[Task instructions] Output the entries below unchanged, except for the pictures.

[Listed entries]

────────────────

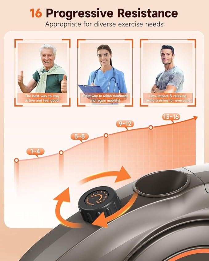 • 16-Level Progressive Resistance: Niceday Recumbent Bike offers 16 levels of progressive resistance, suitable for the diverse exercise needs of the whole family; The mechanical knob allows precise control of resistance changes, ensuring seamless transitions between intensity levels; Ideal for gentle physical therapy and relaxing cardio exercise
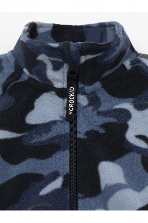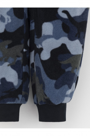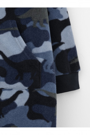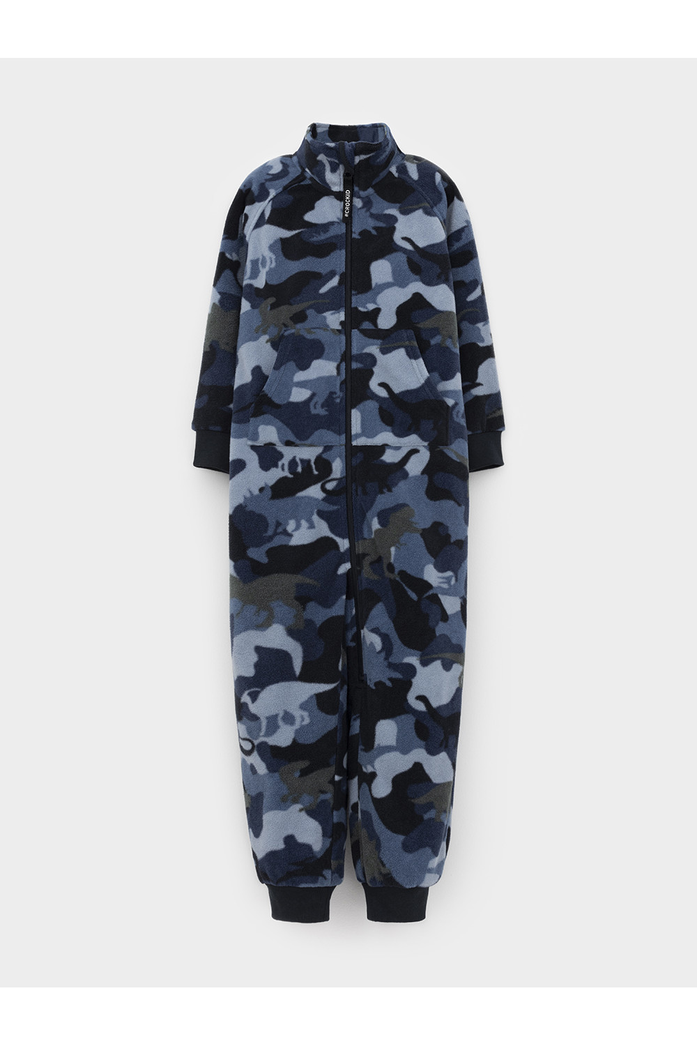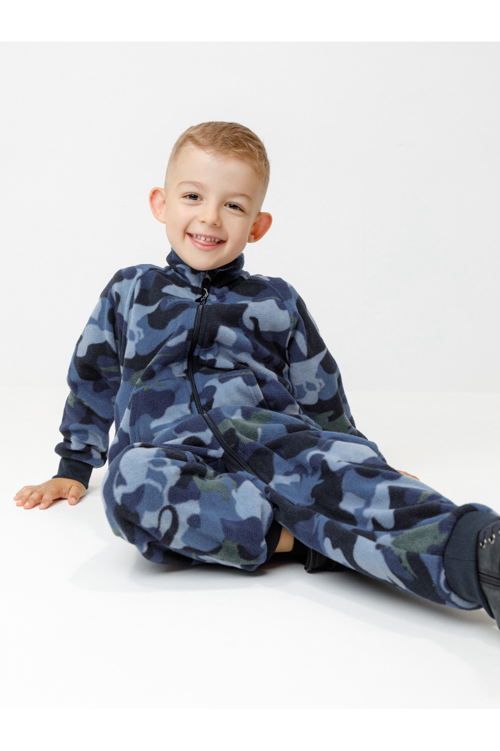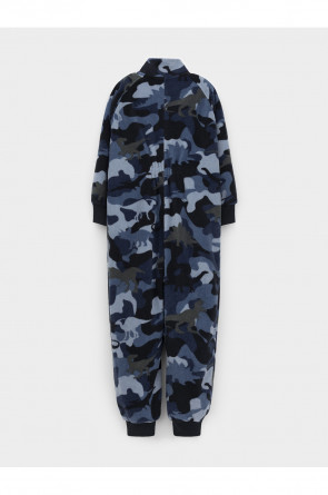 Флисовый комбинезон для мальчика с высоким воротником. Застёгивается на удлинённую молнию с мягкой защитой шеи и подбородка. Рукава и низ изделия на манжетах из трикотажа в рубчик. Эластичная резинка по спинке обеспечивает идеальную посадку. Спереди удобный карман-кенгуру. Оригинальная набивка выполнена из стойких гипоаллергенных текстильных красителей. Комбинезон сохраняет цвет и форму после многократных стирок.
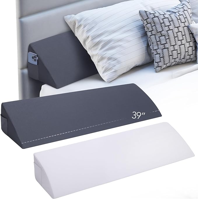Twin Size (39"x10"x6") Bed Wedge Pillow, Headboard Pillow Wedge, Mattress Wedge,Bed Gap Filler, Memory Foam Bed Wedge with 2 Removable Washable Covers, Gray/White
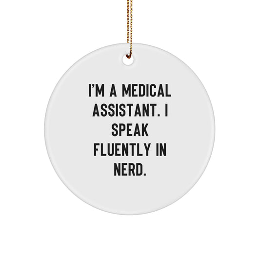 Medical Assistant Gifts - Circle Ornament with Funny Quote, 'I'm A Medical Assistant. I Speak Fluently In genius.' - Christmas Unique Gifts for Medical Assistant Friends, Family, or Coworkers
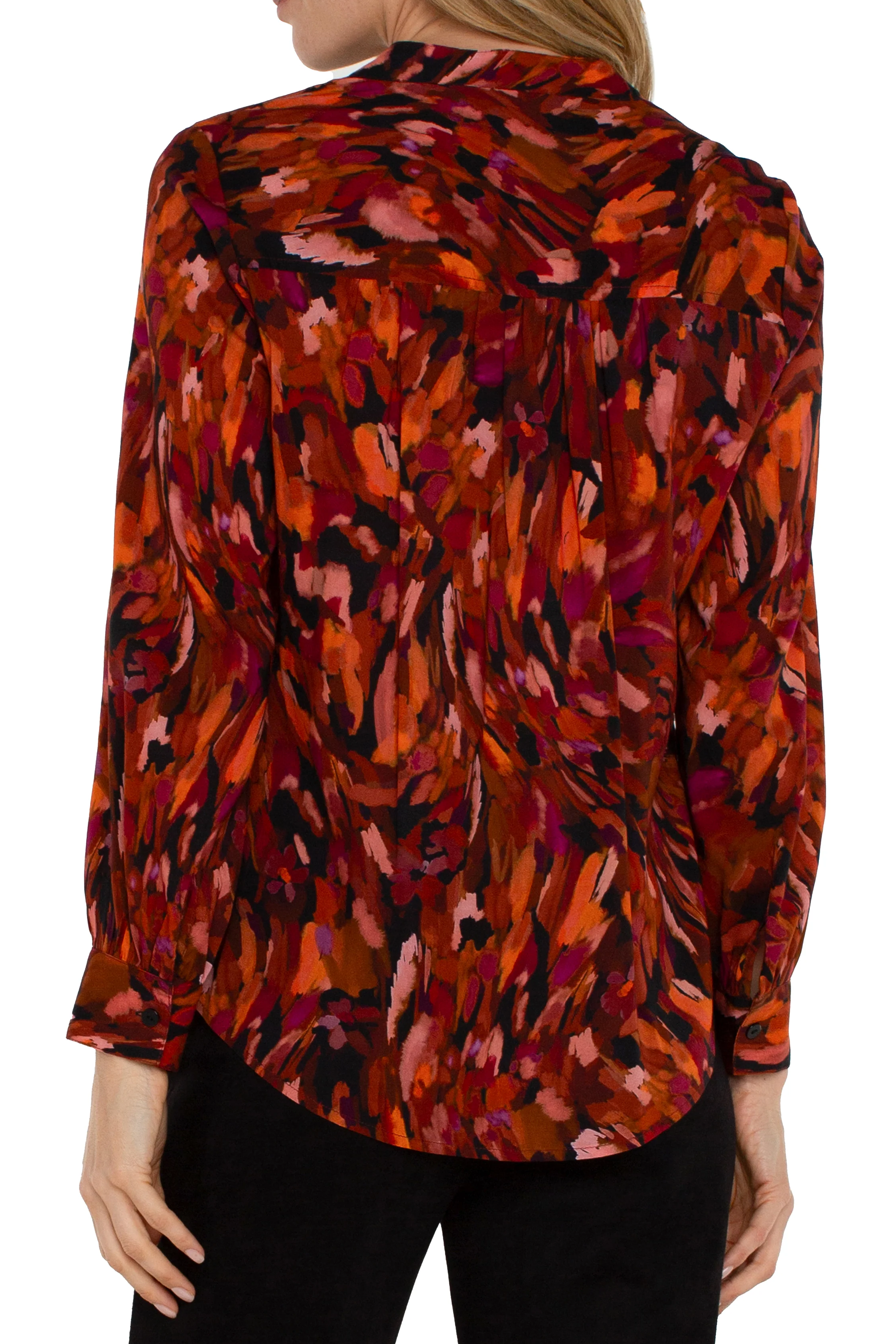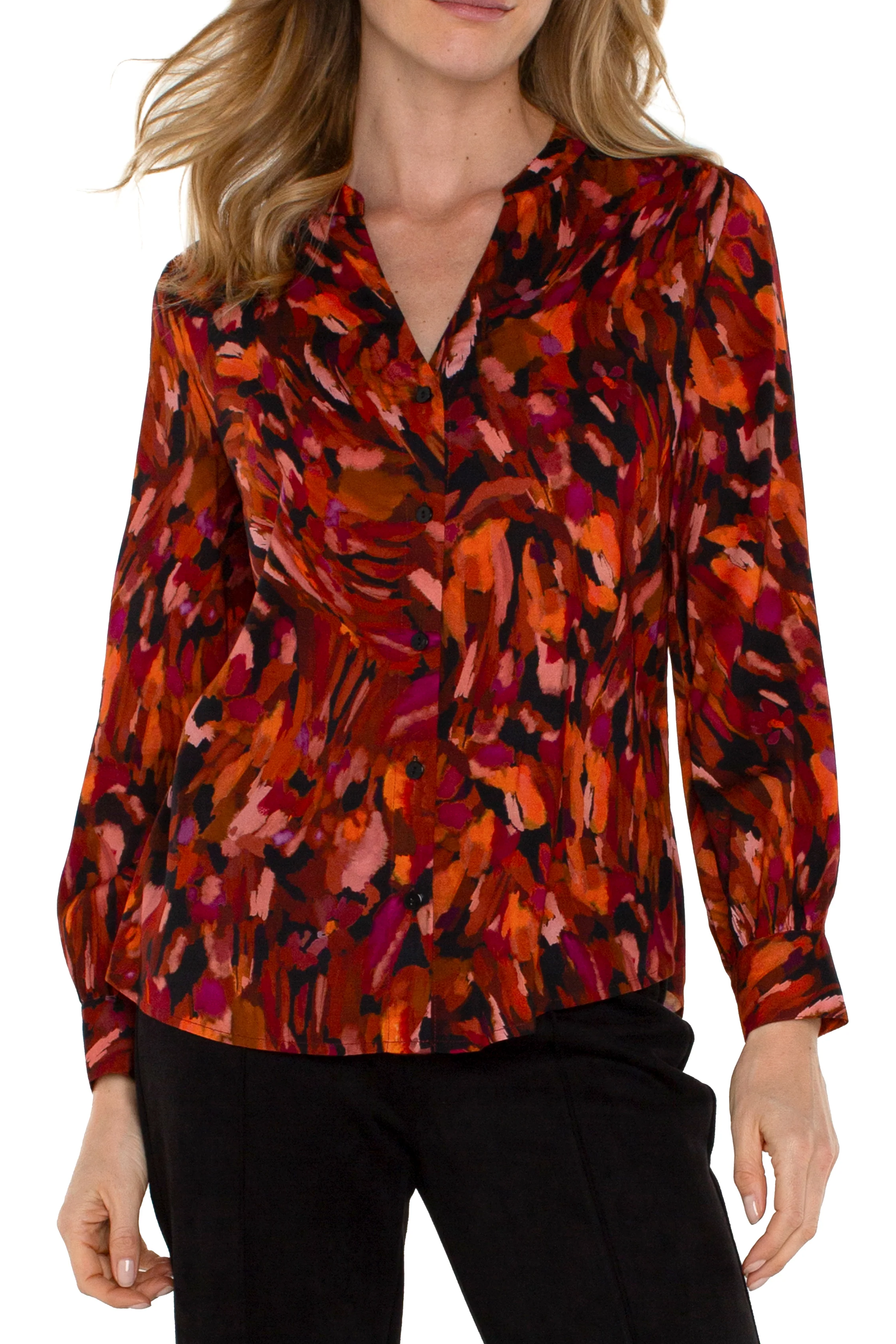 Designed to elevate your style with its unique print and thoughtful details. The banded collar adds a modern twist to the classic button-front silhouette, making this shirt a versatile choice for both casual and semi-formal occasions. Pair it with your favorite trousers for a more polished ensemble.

────────────────

[Reply to the exercise]
 • 16-Level Progressive Resistance: Niceday Recumbent Bike offers 16 levels of progressive resistance, suitable for the diverse exercise needs of the whole family; The mechanical knob allows precise control of resistance changes, ensuring seamless transitions between intensity levels; Ideal for gentle physical therapy and relaxing cardio exercise
 Флисовый комбинезон для мальчика с высоким воротником. Застёгивается на удлинённую молнию с мягкой защитой шеи и подбородка. Рукава и низ изделия на манжетах из трикотажа в рубчик. Эластичная резинка по спинке обеспечивает идеальную посадку. Спереди удобный карман-кенгуру. Оригинальная набивка выполнена из стойких гипоаллергенных текстильных красителей. Комбинезон сохраняет цвет и форму после многократных стирок.
Twin Size (39"x10"x6") Bed Wedge Pillow, Headboard Pillow Wedge, Mattress Wedge,Bed Gap Filler, Memory Foam Bed Wedge with 2 Removable Washable Covers, Gray/White
 Medical Assistant Gifts - Circle Ornament with Funny Quote, 'I'm A Medical Assistant. I Speak Fluently In genius.' - Christmas Unique Gifts for Medical Assistant Friends, Family, or Coworkers
 Designed to elevate your style with its unique print and thoughtful details. The banded collar adds a modern twist to the classic button-front silhouette, making this shirt a versatile choice for both casual and semi-formal occasions. Pair it with your favorite trousers for a more polished ensemble.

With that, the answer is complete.